Réponse: c’est cinq fois oui. Oui pour la communauté de destin: on a les mêmes intérêts et les mêmes stratégies. Oui pour l’opinion publique: on vote de la même manière dans les communes concernées. Oui pour les finances: à quelques nuances près on a des structures financières comparables. Oui pour les prestations: on offre les services identiques et de qualité comparable. D’où les conclusions de l’expert Gilles Léchot:
« Pour les communes de Bussigny-sur-Oron, Châtillens, Chesalles-sur-Oron, Ecoteaux, Oron-la-Ville, Oron-le-Châtel, Palézieux, Les Tavernes, Les Thioleyres et Vuibroye, le rapport stratégique plaide clairement en faveur d’un rapprochement intercommunal allant jusqu’à la fusion. » Mais où est Maracon ?

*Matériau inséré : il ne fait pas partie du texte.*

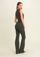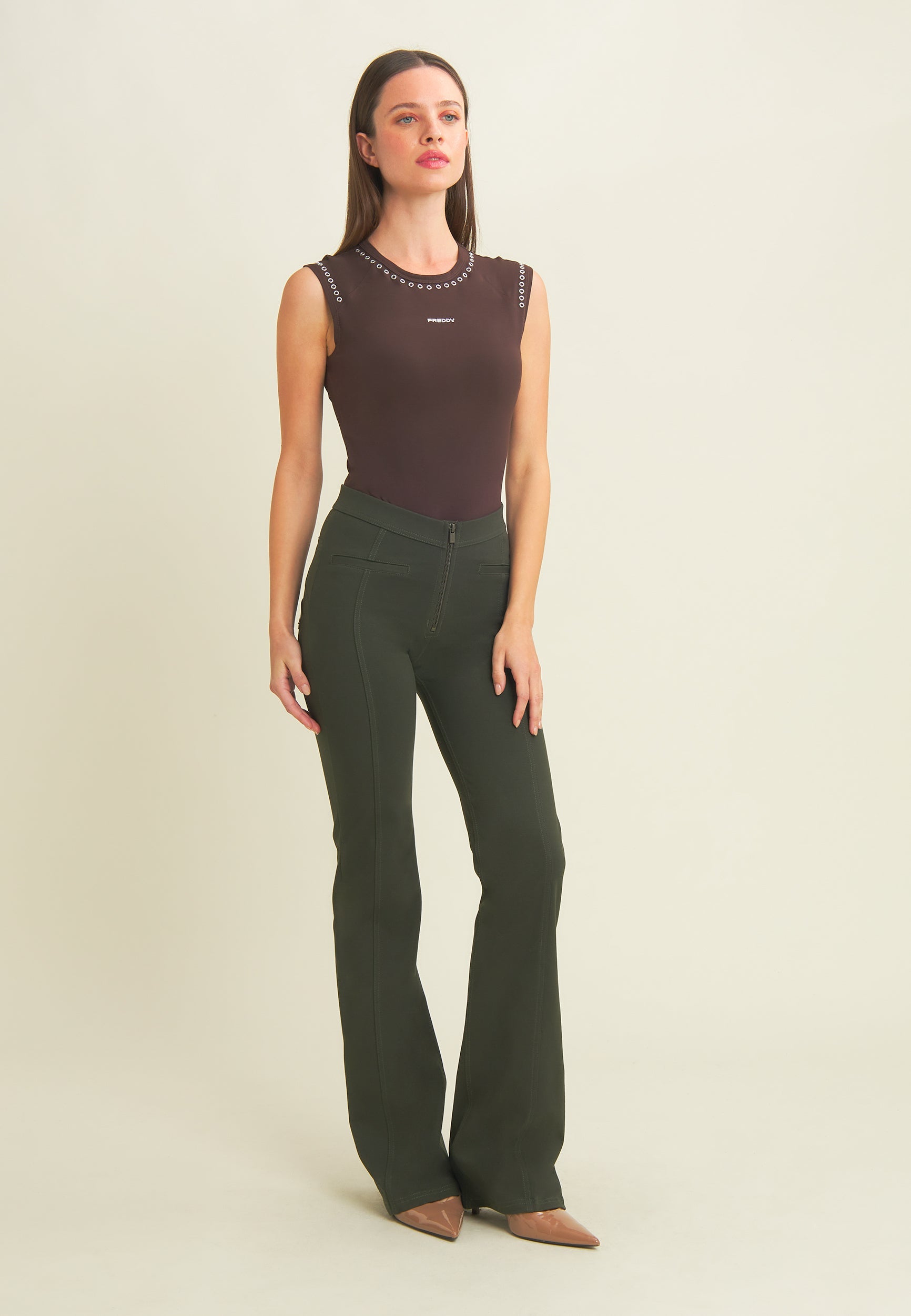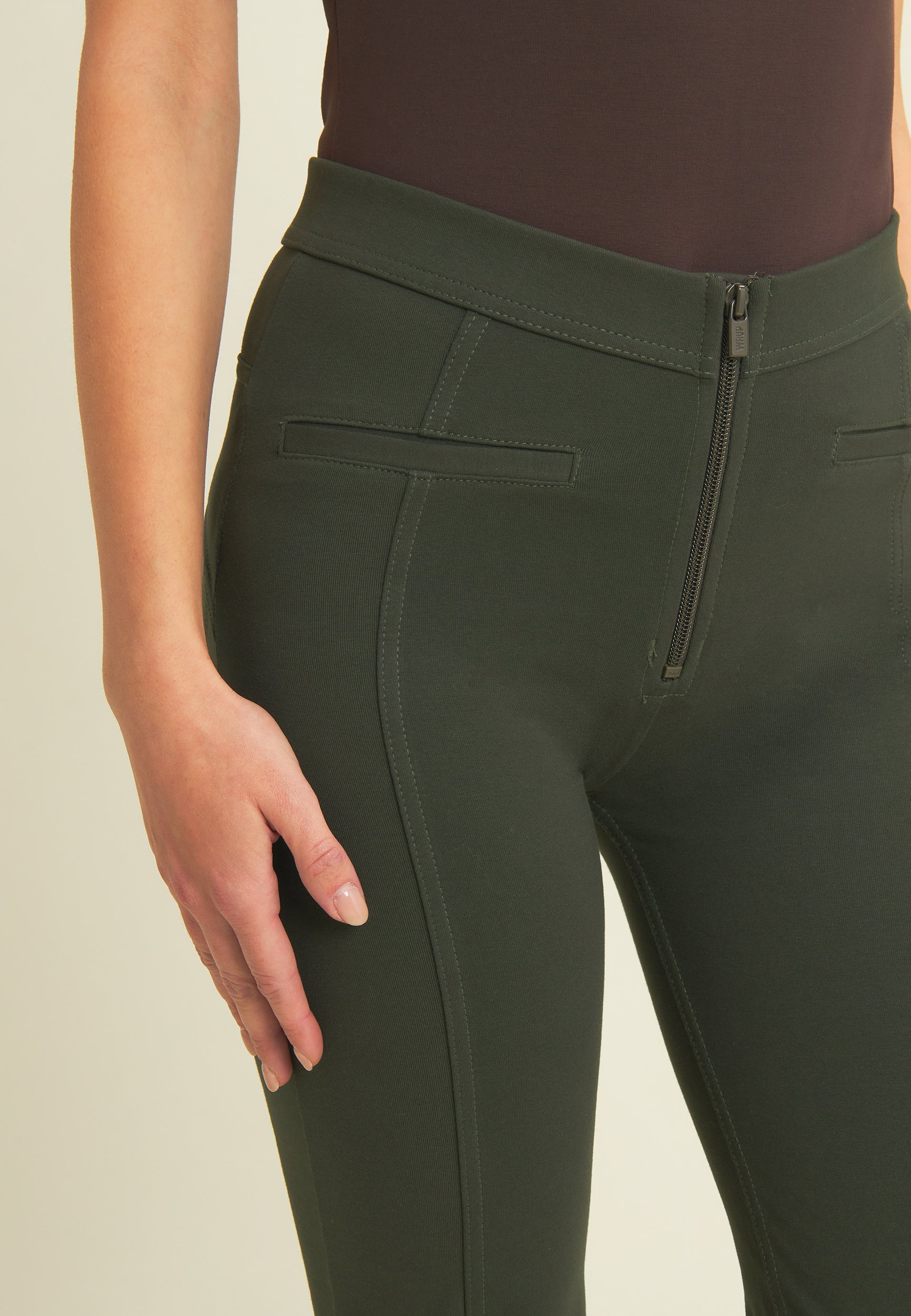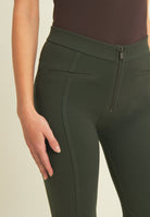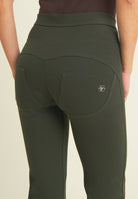 WR.UP® skinny push-up trousers with flared bottom in heavy organic stretch cotton jersey. Regular waist with V-cut and central zip. Central seams and mock front pockets give a casual-chic touch inspired by classic denim.

Maracon : dossier à creuser
Il manque Maracon et l’expert s’explique
« En analysant les remarques du groupe de travail de Maracon qui a participé à l’élaboration du rapport stratégique, on constate que les avantages d’une fusion sont insuffisants pour cette commune. Ce qui nous amène à la recommandation de se retirer du projet de fusion »
Bombe dans l’assemblée. Incompréhension des gens de Maracon présents dans la salle. Interrogation devant la carte amputée de fusion amputée de Maracon. Réaction mesurée et apaisante du syndic Jean-Claude Serex.
« Le processus élaboré par Compas Management Services prévoit qu’à chaque étape de l’étude de fusion une commune puisse se retirer. Suite à la première consultation populaire, Esserts a dit ne pas vouloir aller plus loin. Et nous nous sommes retrouvés onze plutôt que douze. Aujourd’hui la question est posée à Maracon : faut-il poursuivre l’exercice et entrer dans la phase opérationnelle? La question peut paraître brutale et choquante. Notre commune semble isolée comme mise à l’index. Ce n’est absolument pas le cas. La situation est parfaitement conforme au processus qui doit mener les communes jusqu’à la votation finale. A la Municipalité, au Conseil et la population de creuser le dossier et de répondre avant l’été à la question qui nous est posée : veut-on aller jusqu’à la fusion oui ou non ? Mieux vaut être clair d’emblée plutôt que de faire capoter en votation finale un projet si difficile à mener à bien. »
Suite des travaux
On attend donc avec intérêt la prise de position de Maracon ainsi que celles des dix communes déclarées « fusion compatibles ». Les instances communales doivent maintenant se positionner par rapport aux recommandations des experts et décider ou non de passer à la phase opérationnelle. Un préavis commun sera présenté à chacun des onze conseils communaux et généraux au mois de juin avec une question : « Acceptez-vous de donner mandat à la Municipalité d’entrer dans la phase opérationnelle du projet de fusion avec les communes concernées ? »
Sur cette base les communes acceptantes mettront en route l’étude opérationnelle dès l’automne 2009 avec l’ambition d’arriver en votation populaire au printemps 2011, avant le renouvellement des autorités communales.